• **Goal of the exercise**
Every line from the one with "Welcome Home to" to the one with "В праздник Воздвижения", including those two, is to be copied exactly; all other lines of the entries below are left out.

• **Records to process**
● ● ● ● ● ● ●

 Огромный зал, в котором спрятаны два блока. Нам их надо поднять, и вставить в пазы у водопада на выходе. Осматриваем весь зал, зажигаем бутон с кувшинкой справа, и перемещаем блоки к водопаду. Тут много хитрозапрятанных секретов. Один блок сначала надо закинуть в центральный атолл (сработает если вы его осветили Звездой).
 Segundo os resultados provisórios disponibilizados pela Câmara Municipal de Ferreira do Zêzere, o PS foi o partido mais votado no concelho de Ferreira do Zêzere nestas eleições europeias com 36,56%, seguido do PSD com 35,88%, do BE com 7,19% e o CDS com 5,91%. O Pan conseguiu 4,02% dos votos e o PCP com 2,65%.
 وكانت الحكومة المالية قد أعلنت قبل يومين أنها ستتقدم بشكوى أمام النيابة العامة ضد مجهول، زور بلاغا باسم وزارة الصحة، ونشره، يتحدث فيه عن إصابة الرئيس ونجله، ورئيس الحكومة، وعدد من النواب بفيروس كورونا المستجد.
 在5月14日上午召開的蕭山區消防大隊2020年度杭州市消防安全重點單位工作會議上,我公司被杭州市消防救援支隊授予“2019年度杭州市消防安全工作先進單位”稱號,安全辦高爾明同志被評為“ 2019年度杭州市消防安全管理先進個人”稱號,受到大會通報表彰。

● ● ● ● ● ● ●

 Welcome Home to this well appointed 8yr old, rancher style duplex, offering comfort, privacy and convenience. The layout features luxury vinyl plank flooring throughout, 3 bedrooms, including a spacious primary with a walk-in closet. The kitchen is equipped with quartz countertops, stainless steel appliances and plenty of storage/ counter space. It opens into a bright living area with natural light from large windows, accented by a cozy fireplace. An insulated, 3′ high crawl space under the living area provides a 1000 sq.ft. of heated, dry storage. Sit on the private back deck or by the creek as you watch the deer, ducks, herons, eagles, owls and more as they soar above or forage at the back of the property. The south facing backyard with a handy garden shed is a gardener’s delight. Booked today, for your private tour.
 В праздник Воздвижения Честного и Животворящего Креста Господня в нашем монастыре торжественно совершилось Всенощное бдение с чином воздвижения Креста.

● ● ● ● ● ● ●

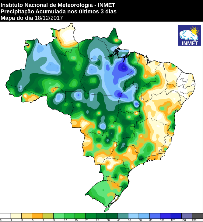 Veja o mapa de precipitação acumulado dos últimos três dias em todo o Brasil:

● ● ● ● ● ● ●

• **Solution below**
 Welcome Home to this well appointed 8yr old, rancher style duplex, offering comfort, privacy and convenience. The layout features luxury vinyl plank flooring throughout, 3 bedrooms, including a spacious primary with a walk-in closet. The kitchen is equipped with quartz countertops, stainless steel appliances and plenty of storage/ counter space. It opens into a bright living area with natural light from large windows, accented by a cozy fireplace. An insulated, 3′ high crawl space under the living area provides a 1000 sq.ft. of heated, dry storage. Sit on the private back deck or by the creek as you watch the deer, ducks, herons, eagles, owls and more as they soar above or forage at the back of the property. The south facing backyard with a handy garden shed is a gardener’s delight. Booked today, for your private tour.
 В праздник Воздвижения Честного и Животворящего Креста Господня в нашем монастыре торжественно совершилось Всенощное бдение с чином воздвижения Креста.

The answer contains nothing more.